Plant several together instead of one lonely flower. Bees find larger patches more easily, and the garden looks better too.

7. Rosemary
Rosemary is one of those practical plants that earns its keep. It is useful in the kitchen, handles dry conditions, and bees love the small flowers.
In warmer climates, rosemary can bloom for a long stretch, giving bees a reliable food source when other flowers fade.
This is a strong recommendation for customers who want bee-friendly plants but do not want a high-maintenance flower garden.

8. Borage
Borage is a bee magnet. Its blue star-shaped flowers are rich in nectar and easy for bees to find.
It can look a little wild, so it is best used in herb gardens, cottage-style beds, raised beds, or pollinator patches where a natural look is welcome.

9. Zinnias
Zinnias bring color, bloom heavily, and are easy to grow from seed. Bees and butterflies both visit them.
They are a good May planting option because they can carry color into summer, especially with regular deadheading.

10. Coneflower
Coneflower, also known as echinacea, is another excellent pollinator plant. It has a strong center cone that bees can work easily, and it keeps gardens looking full into warmer months.
It also brings that “classic garden” look — dependable, sturdy, and not fussy.

Do Not Forget the Water
Flowers bring bees in. Water helps keep them there safely.
As temperatures rise in May, bees need water to cool the hive, dilute honey, and hydrate. The problem is that many common water sources are dangerous for bees. Deep birdbaths, buckets, pools, fountains, and ponds can all become drowning hazards.
That is the simple reason the Bee Raft exists.
A Bee Raft gives bees a floating landing place so they can drink without falling into the water. Put it in a birdbath, pond, fountain, bucket, barrel, or other calm water source, and it instantly makes that water more bee-friendly.

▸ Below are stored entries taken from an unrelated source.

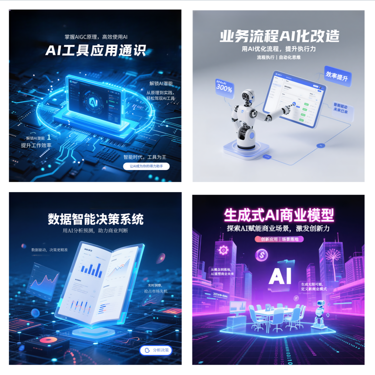 为适应数字化转型浪潮,班级配置:AI工具应用通识、业务流程AI化改造、数据智能决策系统、生成式AI商业模拟课程。课程包含技术学习、实操项目2个模块。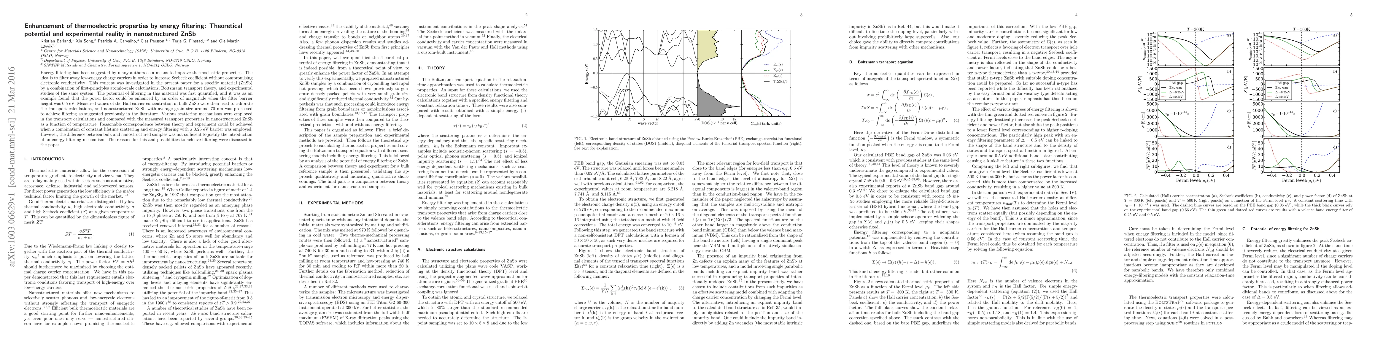 Energy filtering has been suggested by many authors as a means to improve thermoelectric properties. The idea is to filter away low-energy charge carriers in order to increase Seebeck coefficient without compromising electronic conductivity. This concept was investigated in the present paper for a specific material (ZnSb) by a combination of first-principles atomic-scale calculations, Boltzmann transport theory, and experimental studies of the same system. The potential of filtering in this material was first quantified, and it was as an example found that the power factor could be enhanced by an order of magnitude when the filter barrier height was 0.5~eV. Measured values of the Hall carrier concentration in bulk ZnSb were then used to calibrate the transport calculations, and nanostructured ZnSb with average grain size around 70~nm was processed to achieve filtering as suggested previously in the literature. Various scattering mechanisms were employed in the transport calculations and compared with the measured transport properties in nanostructured ZnSb as a function of temperature. Reasonable correspondence between theory and experiment could be achieved when a combination of constant lifetime scattering and energy filtering with a 0.25~eV barrier was employed. However, the difference between bulk and nanostructured samples was not sufficient to justify the introduction of an energy filtering mechanism. The reasons for this and possibilities to achieve filtering were discussed in the paper.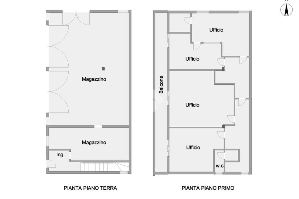 Il piano primo è dedicato alla zona uffici, ampia, luminosa e ben organizzata. È composta da quattro uffici separati, che garantiscono riservatezza e funzionalità, da una zona archivio e da servizi igienici.
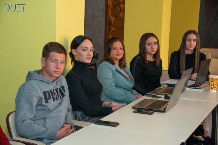 Студенти спеціальності «Міжнародні відносини, суспільні комунікації та регіональні студії» ДУЕТ стали активними учасниками конференції, презентувавши результати власних досліджень з проблем міжкультурної комунікації, тенденцій розвитку інформаційного простору та впливу на нього сучасних технологій та ін. Серед доповідачів були студенти усіх курсів спеціальності, серед яких варто відзначити роботи першокурсників Світлани Новікової, Маргарити Ткачової, Марії Горностаєвої, Поліни Різник, доповіді яких не поступалися актуальністю та ґрунтовністю висновків дослідженням студентів старших курсів.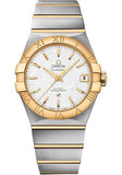 Omega Constellation Co-Axial Master Chronometer Watch - 38 mm Steel And Yellow Gold Case - White -Silvery Dial - Brushed Steel Bracelet - 123.20.38.21.02.006 - Luxury Time NYC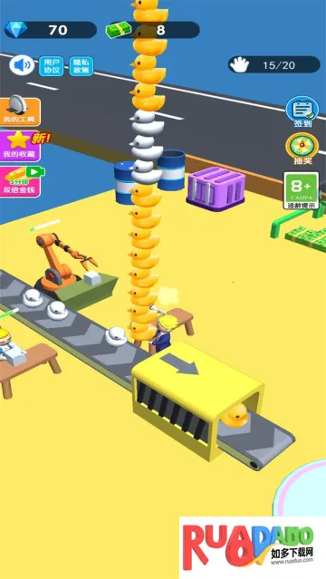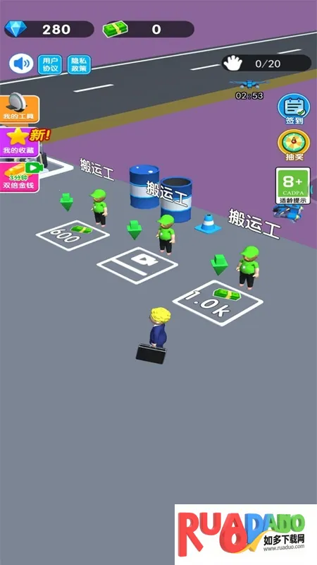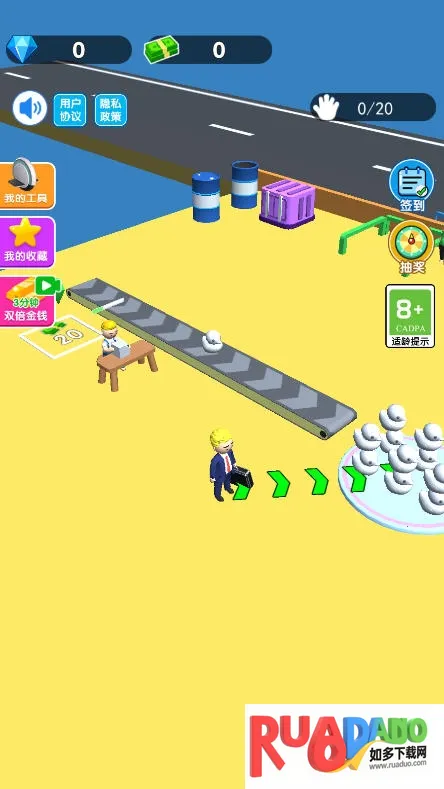 1. 玩家能扮演刚创业的小老板,通过搬运玩具赚第一桶金,解锁搬运工人、扩大车间、提升效率,赚取更多金币解锁关卡和车间。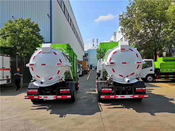 帶干濕分離,及推板,連桿式提升機構,可掛120L或240L垃圾桶,后門液壓開啟,確保不滲漏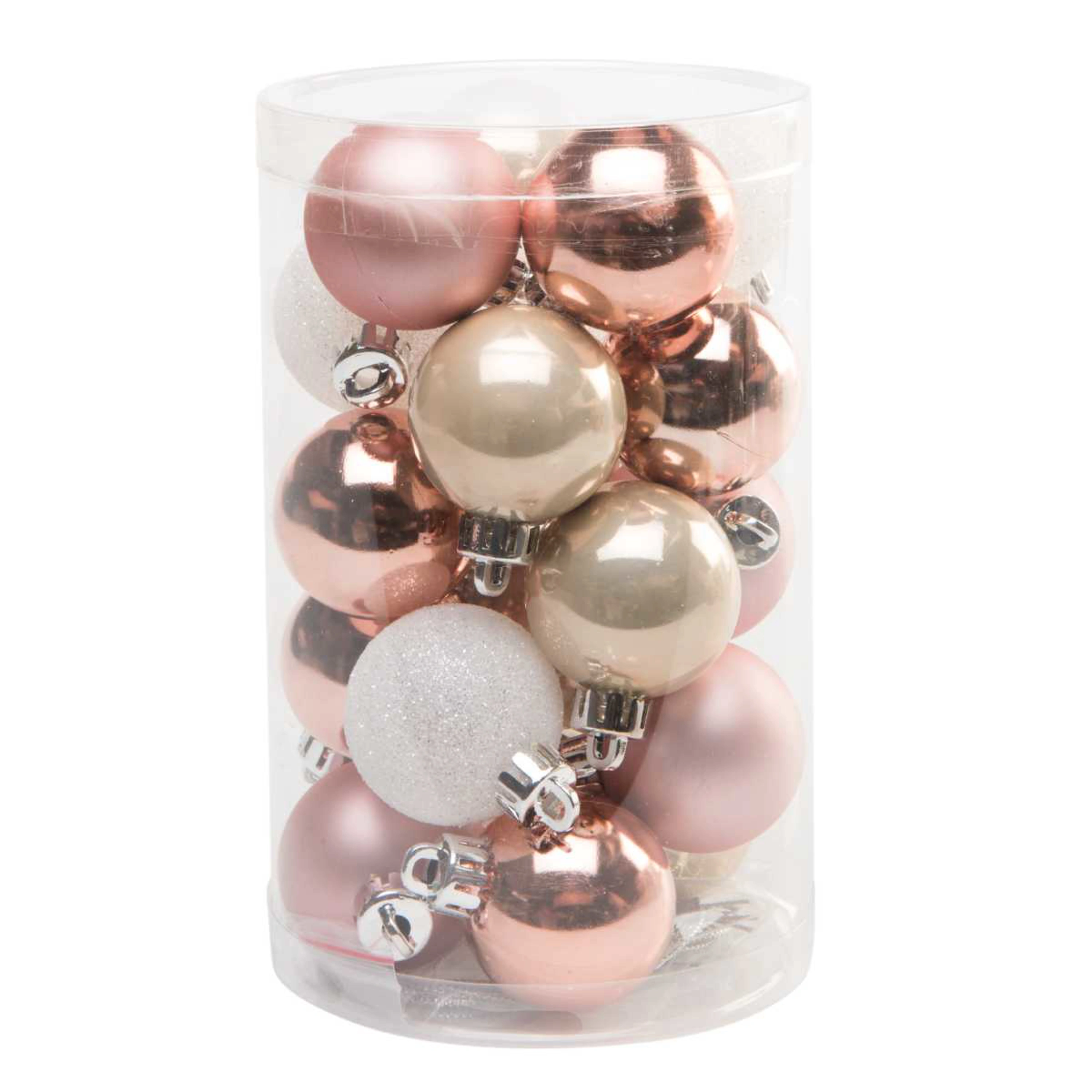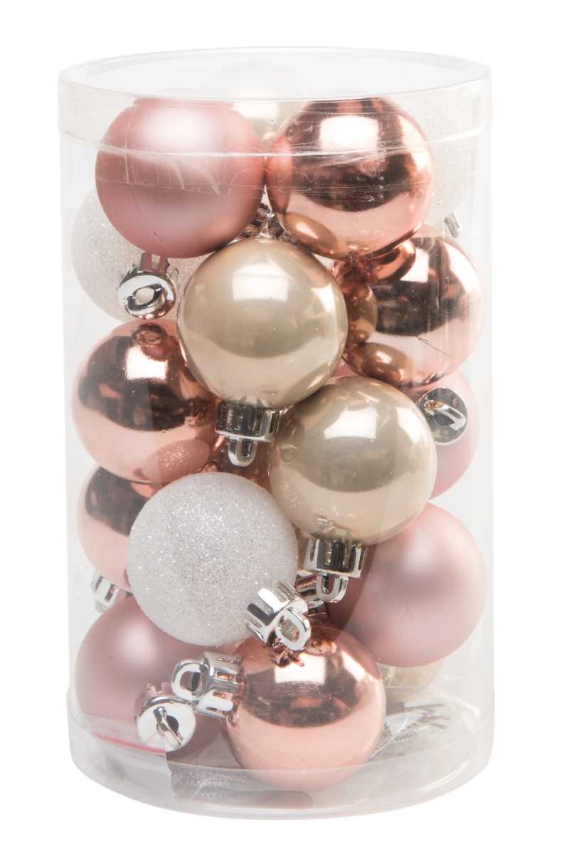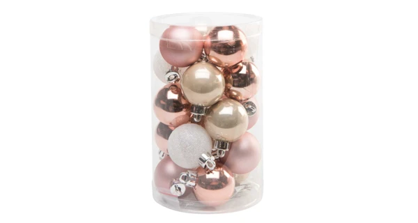Tento set obsahuje 20 kusů vánočních koulí v růžové, zlaté a bílé barvě.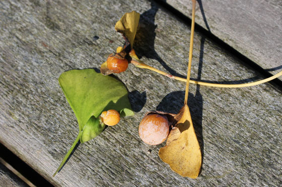 ひとしきり撮影し終えて、帰り支度をしていたところ、先ほど興味深いお話を聞かせていただいた地元の方が戻って来られて、このオハツキイチョウから採れた銀杏をひと袋頂いちゃいました。いや〜、ありがとうございます。宣伝してくださいとのことですので、多めに写真を載せちゃいます(^^)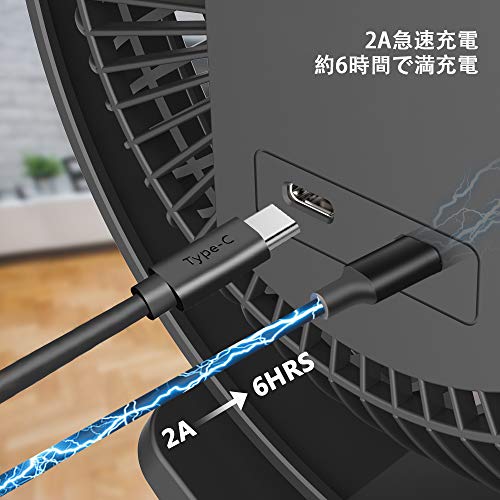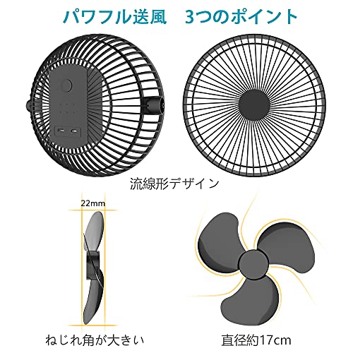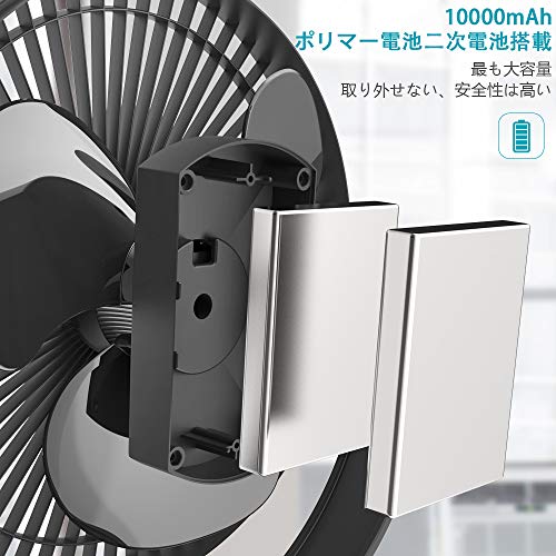 充電式クリップ扇風機 10000mAh電池内蔵 卓上扇風機 直径17cm大型ファン 風量4段階調整 強風 MicroUSB・type-C端子搭

Build a Simple May Bee Station
Here is a simple setup:
Place a Bee Raft in a shallow birdbath or calm fountain. Add nearby pots or garden beds with lavender, salvia, California poppy, rosemary, zinnias, or native wildflowers. Avoid pesticides. Keep the water fresh.
That is it.
No overcomplicated garden wizardry. Just flowers, safe water, and a little common sense — the old ways still work.
Final Thought
May is the perfect month to help bees because the garden is waking up and pollinators are working hard. A few bee-friendly plants can make a real difference, especially when paired with a safe water source.
Plant the flowers. Skip the pesticides. Add safe water.